Философия служения полковника Пашкова | страница 40
Я поднялся вместе с другими по нескольким ступенькам белой широкой лестницы на первую площадку, прошел через высокую, задрапированную массивной шелковой портьерой дверь направо и очутился в ярко освещенном зале.
Зал был большой, длинный, с рядом окон на набережную. Его ярко освещали люстра и стенные лампы; на стенах никаких украшений не было.
Весь зал был заставлен рядами стульев. Вдали, у входа в следующую комнату, отделенную от первой также драпировкой, стоял небольшой столик, а рядом маленький гармониум с клавишами»[178].
Удивительной особенностью пашковских собраний, особенно учитывая величественное местоположение, было разнообразие посетителей. Высший класс обычно не общался с крестьянами, и уж конечно, последних не приглашали в собственные гостиные, а немцы не поклонялись вместе с православными верующими. Однако воскресными вечерами в доме Пашкова «роскошные покои, которые обычно были открыты только для высшего класса русского общества, для балов и приемов, теперь стояли открытыми и были до предела заполнены толпами – большей частью принадлежащими к самым низам общества, – которые желали слушать Благую Весть о спасении»[179]. Крестьяне, князья, студенты, нищие, офицеры, чиновники, извозчики, слуги, монахи и священники были среди посетителей пашковских собраний[180]. К. П. Победоносцев сообщал, что присутствовало более чем 1500 человек «всякого звания»[181]. Просторные залы не могли вместить всех желающих присутствовать.
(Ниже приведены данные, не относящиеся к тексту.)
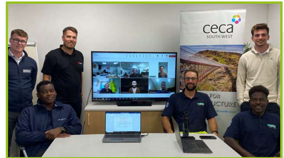
Left: highlighting civil engineering as a career of choice Avonbourne Academy, Bournemouth; & Presenting a CECA SWFG careers video at Uffculme School, Devon

Княжна Софья Ливен, тогда еще дитя, позднее вспоминала: «Прекрасный Пашковский дом на Французской набережной стал центром евангельского служения в Петербурге. …Участники этих собраний, оставшиеся в живых до наших дней, рассказывали мне, насколько их сначала поражала своеобразность таких вечеров. В нарядном зале люди самых разных званий и сословий, сидя вперемешку не шелком обтянутых креслах и стульях, вслушивались в простые евангельские слова о любви Божией»[182]. Игнатьев живописно изобразил эту сцену:
«Вокруг был такой разнохарактерный, разношерстный, разновидный люд! Среди фабричных синих и серых блуз и поношенных пиджаков виднелись темные простенькие кофточки «учащихся» женщин и барышень. Рядом с длинной поддевкой ютился скромный юноша, по виду студент (тогда не было еще университетской формы), с пытливыми, горячими глазами, держа записную книжку на коленях. То там, то тут темнели изящные костюмы дам из общества, чернели смокинги, краснели генеральские лампасы, серебрились эполеты и академические значки»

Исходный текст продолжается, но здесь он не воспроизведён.